Traditional OMOP conversion approaches typically require substantial technical expertise and resources, making them feasible primarily for large-scale institutional projects [6,7]. Our tool addresses this gap by enabling smaller research teams to participate in data standardization efforts. This democratization of OMOP conversion could unlock significant value from currently siloed clinical trial and study data, particularly from smaller research initiatives that would otherwise lack resources for data transformation projects.

The system demonstrates strong performance across diverse data types and clinical domains. The user interface design enables clinical researchers without extensive informatics training to participate directly in data standardization processes, addressing a critical gap in current approaches. Despite these strengths, several limitations remain. First, while our implementation significantly reduces technical barriers, some informatics knowledge remains necessary for extracting, transforming, and loading processes. We are addressing this through companion tools that automate table construction and data transformation steps. Second, the current architecture exhibits performance constraints due to memory requirements for large embedding collections. Future iterations will implement optimized vector storage solutions and approximate nearest neighbor algorithms to enhance efficiency. Third, our validation, while robust, has focused primarily on specific clinical domains (pain, opioid use, and COVID-19). Broader validation across additional domains would strengthen confidence in the tool’s generalizability.

Several promising avenues for enhancement emerge from this work. First, the implementation of specialized vector database technologies could significantly improve performance compared to our current MongoDB-based approach. Second, approximate nearest neighbor algorithms [29] would optimize similarity calculations for larger vocabulary sets. Finally, expanded validation studies across diverse clinical specialties would further demonstrate the tool’s utility across the healthcare research spectrum.

Our LLM-based tool provides an accessible and efficient means to map and convert diverse clinical data into the OMOP CDM, enabling broader utilization of OHDSI’s analytic capabilities and fostering collaborative research using standardized FAIR data. The system’s high accuracy in concept mapping, demonstrated through both exact matches and semantic similarity scoring, addresses a critical need in the digital health research community.

The combination of embedding-based semantic matching and user-friendly interface design addresses both technical and practical barriers to data harmonization.
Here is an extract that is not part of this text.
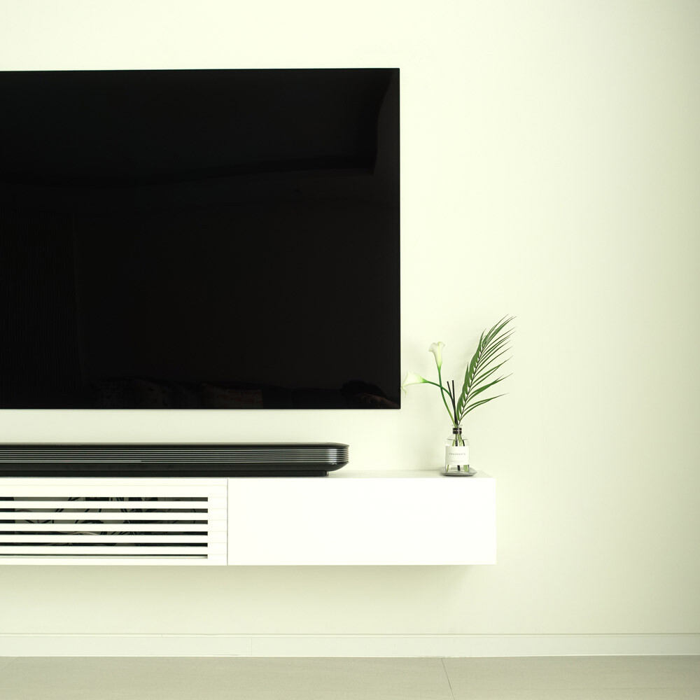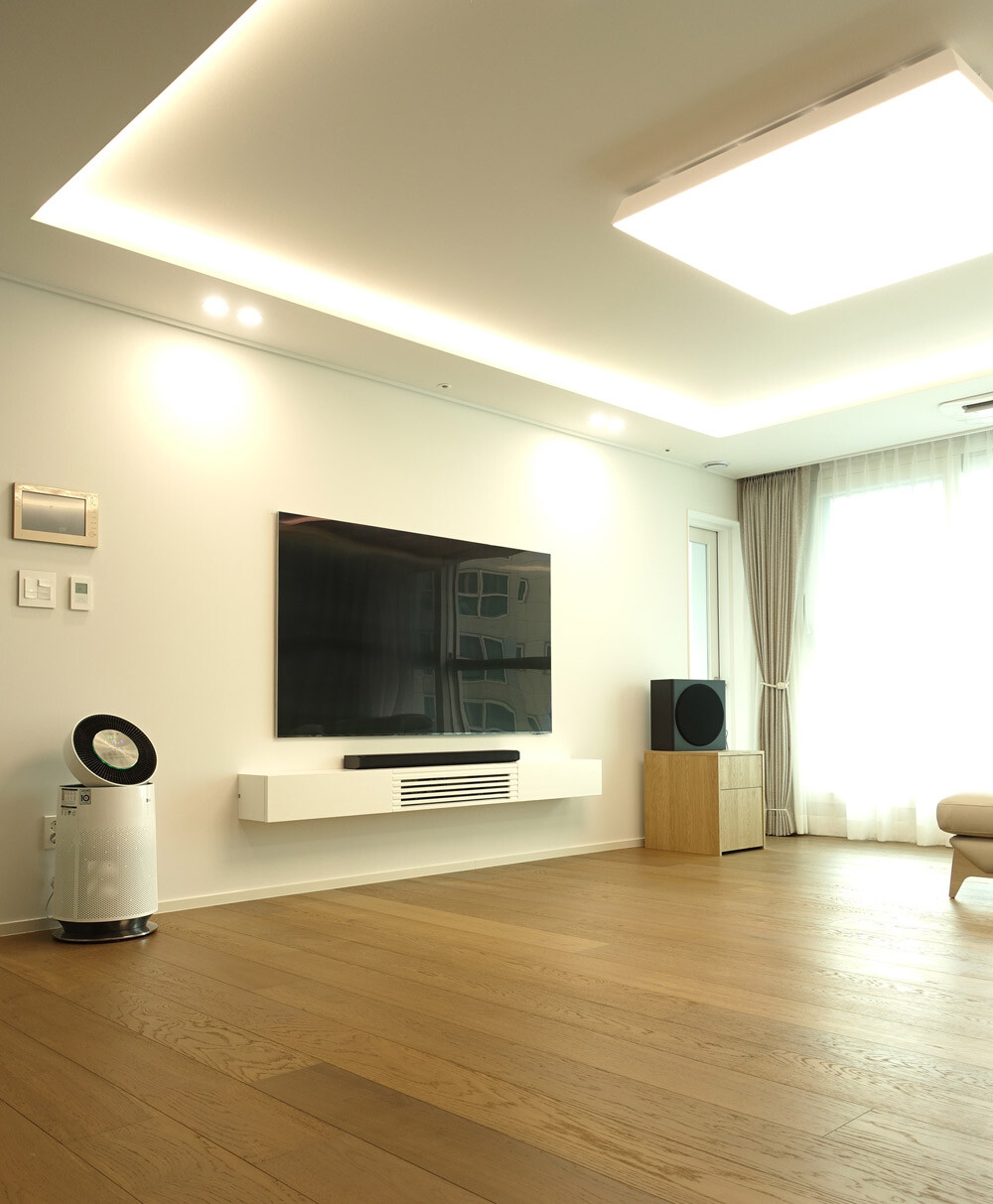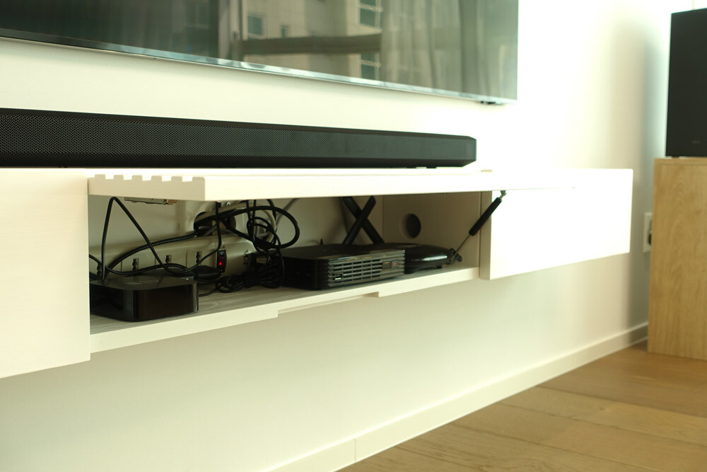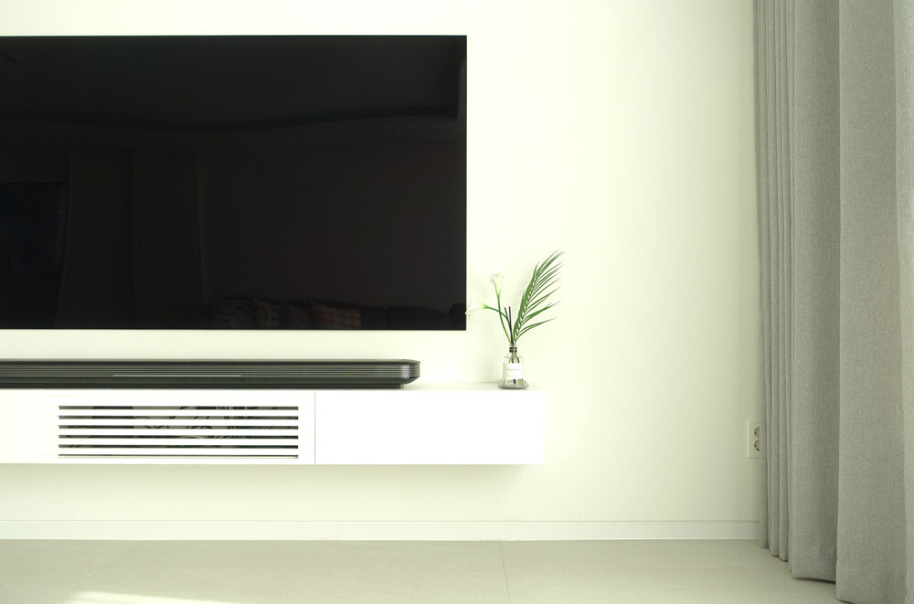 거실과 안방의 벽걸이TV 아래에 설치할 수 있는 무지주 형태의 거실장(선반장)입니다.

By achieving precision scores ranging from 0.92 to 0.99 across different types of clinical terms, the system demonstrates reliable performance in automated concept mapping while maintaining the flexibility needed for diverse research contexts.

The tool’s successful processing of varied data types ranging from clinical observations to demographic information supports its potential utility across multiple research domains. This aligns with the goals of the NIH HEAL Initiative Data Ecosystem [26,27,30-34] and the NIH Office of Data Science Strategy to make biomedical research data FAIR [5].

By lowering technical barriers to data harmonization while maintaining high accuracy standards, this tool could accelerate the transition toward a more connected digital health research ecosystem. The ability for clinical researchers to directly participate in data standardization processes without extensive informatics expertise could lead to more comprehensive and nuanced data transformations, ultimately supporting more robust research findings.

Future work should focus on implementing performance optimizations; expanding validation across additional clinical domains; and further reducing the technical expertise required for complete extract, transform, and load processes. These improvements will help maximize the tool’s impact on accelerating clinical data interoperability and reuse, particularly for smaller research teams and institutions that may currently lack resources for comprehensive data standardization efforts.